Complete end-to-end example#
This is a complete, copy-paste friendly workflow for first-time users. It takes you from loaded data to differential results, filtering, enrichment, and visualization of enrichment results.
import scanpy as sc
import scatrans as scat
# 1. Load your data (must contain spliced/unspliced layers or use differential_expression instead)
adata = sc.read_h5ad("your_data.h5ad")
# 2. Store raw counts + original layers early (before HVG/normalization)
scat.store_raw_counts(adata, layer="counts", save_raw=False)
# 3. Standard preprocessing (adjust as needed for your analysis)
sc.pp.highly_variable_genes(adata, n_top_genes=3000)
sc.pp.normalize_total(adata, target_sum=1e4)
sc.pp.log1p(adata)
sc.pp.neighbors(adata)
sc.tl.umap(adata)
sc.tl.leiden(adata)
# 4. Attach gene features for bias correction (optional)
adata = scat.add_gene_features(adata, organism="mouse") # or "human"
# 5. Run differential analysis (active transcription score)
adata_res, significant, all_results = scat.active_score(
adata_input=adata,
groupby="condition",
target_group="Disease",
reference_group="Control",
show_plot=False,
)
print("Differential analysis results (top rows):")
print(all_results.head())
# 6. Gene filtering (use the full table; the built-in 'significant' is often empty)

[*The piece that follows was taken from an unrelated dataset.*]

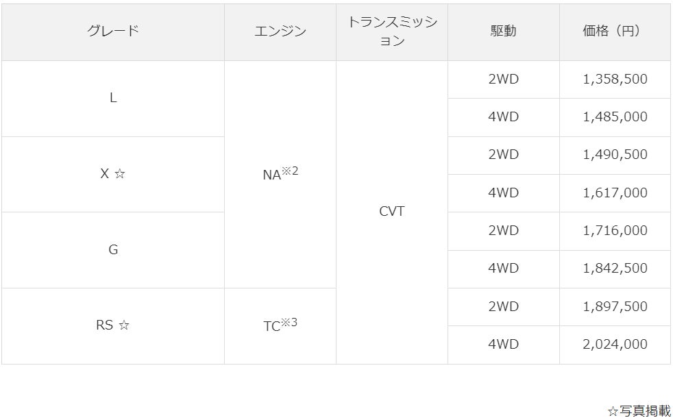 (価格は希望小売価格であり、参考価格です。価格は販売会社が独自に定めますので、詳しくは販売会社にお尋ねください。保険料、税金(消費税を除く)、自動車リサイクル料金、登録等に伴う費用等は別途申し受けます。)

candidates = scat.filter_active_genes(
all_results,
preset="heuristic", # or "pseudobulk" / "permissive"
# active_score_cutoff=30,
# logfc_cutoff=0.3,
# pval_cutoff=0.05,
)
print(f"\nFiltered candidate genes: {len(candidates)}")

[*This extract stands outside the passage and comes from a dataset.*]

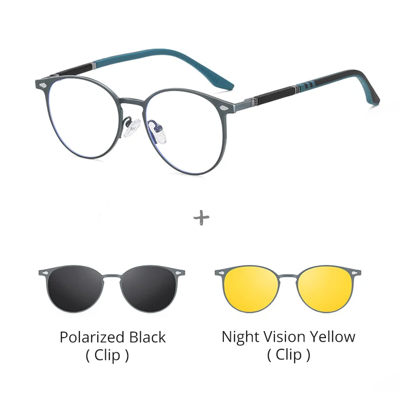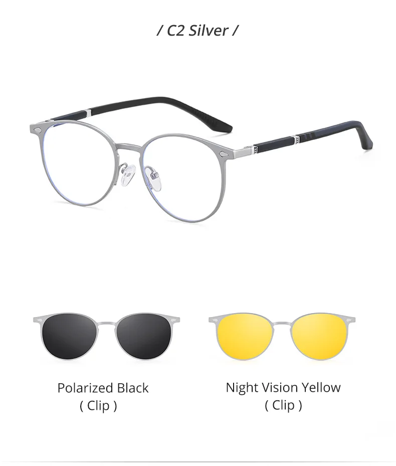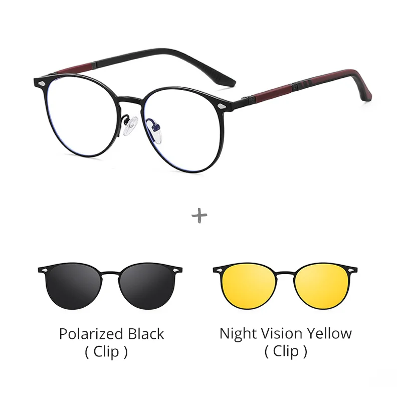 - Versatile and Practical: These eyeglasses come with a magnetic clip-on feature, allowing you to transform them into sunglasses quickly and effortlessly. Just snap on the polarized TAC clip, and enjoy the outdoors without straining your eyes.

# 7. Functional enrichment (GO)
enrich_res = scat.run_enrichment(
gene_list=candidates.index.tolist(),
gene_sets="GO_Biological_Process", # or "GO_BP"

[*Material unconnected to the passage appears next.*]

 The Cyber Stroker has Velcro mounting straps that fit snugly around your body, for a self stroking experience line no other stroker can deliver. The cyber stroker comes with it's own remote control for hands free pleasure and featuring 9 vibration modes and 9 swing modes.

organism="mouse", # or "human"
adata=adata, # uses stored raw genes as background
pval_cutoff=0.05,
)
print("\nTop GO enrichment terms:")
print(enrich_res.head())
# KEGG enrichment (alternative)
kegg_res = scat.run_kegg(
gene_list=candidates.index.tolist(),
organism="mouse", # or "human"
adata=adata,
)
# 8. Visualize enrichment results
scat.pl.enrich_dotplot(enrich_res, top_n=15, title="GO Enrichment")
scat.pl.enrich_dotplot(kegg_res, top_n=10, title="KEGG Pathways")
# Optional: save figures
# scat.pl.enrich_dotplot(enrich_res, top_n=12, save_path="enrich_go.pdf")
# Optional: main result plots
# scat.pl.comet_plot(all_results, top_n=12)
# scat.pl.volcano_plot(all_results, top_n=10)
You can now explore all_results, adjust filters in step 6, try different
gene_sets, or run run_go / run_gsea (see Functional Enrichment).
For pure differential expression without spliced/unspliced layers, replace
step 5 with scat.differential_expression(...) — see
Standalone Differential Expression (no velocity data required).
Preserving raw counts and layers#
Call store_raw_counts early (after loading and QC, before HVG or
normalization). It writes the current .X to layers["counts"] and copies
the original spliced/unspliced layers. These survive later subsetting and
provide the correct background for enrichment and count-based DE.
The default save_raw=False avoids populating adata.raw.
After HVG-based visualization on a copy, restore or use the preserved layers
for full-gene DE, active scoring, or enrichment (pass adata= to
run_enrichment or run_kegg to use the stored gene list as background).
HVG subsetting also subsets the saved layers. This keeps velocity
calculations consistent with .X. To analyze more genes than the HVG set,
store before subsetting or operate on the unfiltered object for DE and
enrichment steps.
To restore raw counts into .X for the current gene set:
adata_raw = scat.restore_raw_counts(adata, layer="counts", inplace=False)
See Standalone Differential Expression (no velocity data required) for the no-velocity use case.